Jihadist attacks threaten relief efforts in cyclone-hit Mozambique
Suspected Islamist militants have killed four people in Mozambique's northern Macomia district in fresh attacks that could pose a threat to relief efforts following last week's powerful cyclone, a local journalist said Saturday.
Aid is loaded onto a World Food Programme (WFP) helicopter to be deliver to Ibo Island and Quissanga in northern Mozambique on April 30 , 2019. – Heavy rain battered northern Mozambique on April 29, 2019, as residents and relief workers confronted devastation wrought by Cyclone Kenneth, the strongest cyclone to ever hit Africa, which killed 38 people and destroyed thousands of homes. (Photo by Emidio JOSINE / AFP)
“Alleged terrorists attacked Ntapuala and Banga Velha villages in the Macomia district where they killed a teacher who was on a motorcycle and burned three other people,” the journalist.
The attacks which occurred on Friday, are the first since Cyclone Kenneth lashed the country’s northern region on January 25 and left at least 41 dead out of the more than 240,000 affected.
Aid agencies have in recent days been delivering aid to the cyclone survivors, but the attacks could hamper those efforts.
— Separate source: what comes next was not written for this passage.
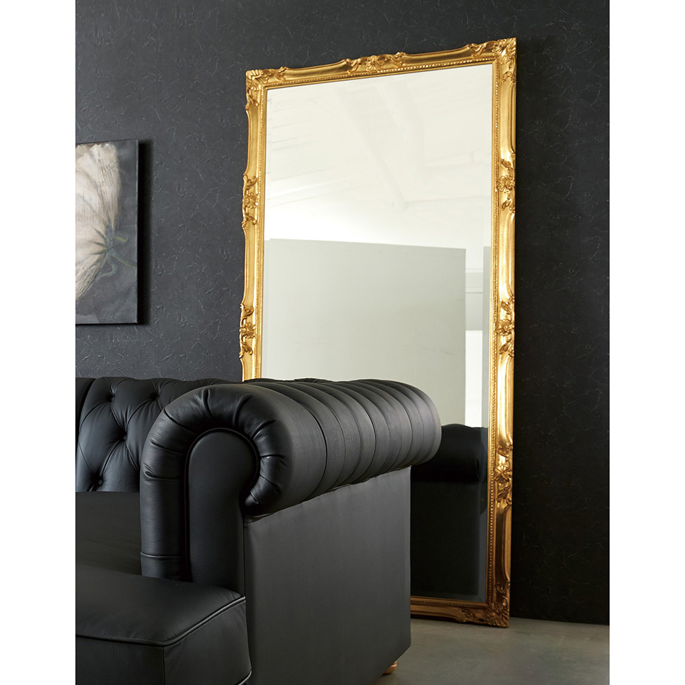 イタリア職人の手仕事による繊細な金箔貼りの彫刻を施した大型クラシックミラー

“We are aware of reports regarding insecurity in the area south of Macomia” a United Nations official told said, adding “we are doing everything we can to ensure that we are able to keep delivering humanitarian assistance to the people impacted by Tropical Cyclone Kenneth”.
Sections of gas-rich northern Mozambique have been hard hit by deadly raids by a jihadist group over the past 18 months with at least 200 people killed.
Radical Islamist fighters — reportedly seeking to impose Sharia law in the Muslim-majority province of Cabo Delgado — have terrorised remote communities, and Macomia district has been one of the targets.
Macomia was hit by the second cyclone to strike Mozambique in six weeks, after Cyclone Idai which killed more than 600 in the central parts of the country.
Thirty-three of the 41 Cyclone Kenneth deaths occurred in Macomia, and more than 85,225 people were affected.